Talon News - Good Local News


Car Questions and Answers


August 4, 2017

Q. "I've hit two deer in the last few years. How do I avoid this again because it's a terrible experience? It makes me want to quit my job so I don't have to commute between Farmington and Durango."

A. This was a quote from a person who actually left her job at SJC because of the commute. If you consistently see deer hit on the road, be aware. I drive that stretch of road north of Aztec all the time, and deer love to cross it. A deer still maintains the primal instinct that tells him he can outrun anything out there. Once I estimated about 500 cars an hour on that 10 mile stretch of road, and I see a dead deer every day. If you drive that route often, the odds are pretty good that one day it will be you colliding with a deer. Certain times of year and day are worse than others. However there are ways to DECREASE your odds of hitting a deer.

1. Slow down 5-10 mph below the speed limit - drive slow, especially in the morning, evening and night. The two deer I've hit were just before dawn, and one in early evening. It ruined my day, and especially ruined the deer's day. Deer seem most active when the natural lighting is most challenging. One deer survived, the other was a pretty instantaneous death. I picked the first deer off the highway. He was a young buck and he was pretty stunned, but I could give him a quick assessment that no bones were broken. He had a bad bloody nose, but when I tried to pick him up, it was apparent he had lots of life left in him. I helped him through the barbed wire fence and watched him bound away like mule deer do.

2. Don't use the phone. It's tempting to look at that new text coming in, but don't.

3. Polish your headlights. Many new cars have plastic headlights, and some are so cloudy, very little light gets through. You don't always notice because they deteriorate slowly. Local parts stores have kits that will shine those headlights to look like new. Aim then too. Dealerships have fancy headlight aimers, but all you really need is to aim them on a garage door and some basic tools. Save your money on the deer whistles and use your high beams as much as you can.

4. Change your schedule if you can. Stay a little later, or leave a little earlier. If you can do your job online, look into it. Time it so you can avoid the worst time to drive through these deer crossing areas. I'd rather take a little work home than hit a deer.

5. Be aware of certain times of the year and be aware of problem deer crossing areas. Hunting season and harvest season are times when animals move around more. Critters seem to be more active as the moon waxes full. Certain parts of Hwy. 550 between Durango and Aztec have tall deer fencing which seems to help keep deer off the highway. There are also tunnels where they can pass under. In my opinion this was a great addition to the road. I think highways need to evolve at the same rate cars do.

6. You can use the driver in front of you to your advantage. Use their lights to see further up, but keep a little distance between you and them.

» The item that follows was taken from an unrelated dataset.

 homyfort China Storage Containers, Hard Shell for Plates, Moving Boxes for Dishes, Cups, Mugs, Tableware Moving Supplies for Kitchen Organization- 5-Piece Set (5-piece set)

7. If you spot a deer crossing in the distance, keep slowing down and be ready for the rest of the herd to follow.

8. Keep the amount of clutter in your car to a minimum, and secure everything - especially people. It's amazing how disgusting your car is when you are sitting upside down and all the contents of your car come raining down on you. If you have to do a panic stop it's better to only worry about your driving, and not what that drink is going to do in your cup holder. Finally, if hitting a deer is inevitable, I'd rather it be the deer than me. I've gone in the ditch avoiding deer multiple times, but have seen others do much worse.

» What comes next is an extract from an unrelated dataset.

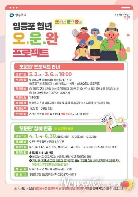 최호권 영등포구청장은 “바쁜 일상에 쫓겨 운동을 미뤄온 청년들이 개인의 건강과 일상의 활력을 되찾기 바란다”라며 “청년들에게 도움이 되고 체감할 수 있는 실질적 정책을 지속적으로 확대해 나가겠다”라고 전했다.

If you haven't got the idea yet, this topic "hits pretty close to home," there are lots of deer lying on this stretch of road on which I currently live. I grew up in a rural area, with a high population of deer. It was common to see a deer hit every day. My father and I would respond to some bad rollovers, and often had to "dispatch" wounded deer. Just briefly, I'd like to be an advocate for the deer. When you hit a deer, you create a foster animal, wound an animal, and ruin their day. My day is ruined when I stare into the eyes of deer with two broken legs.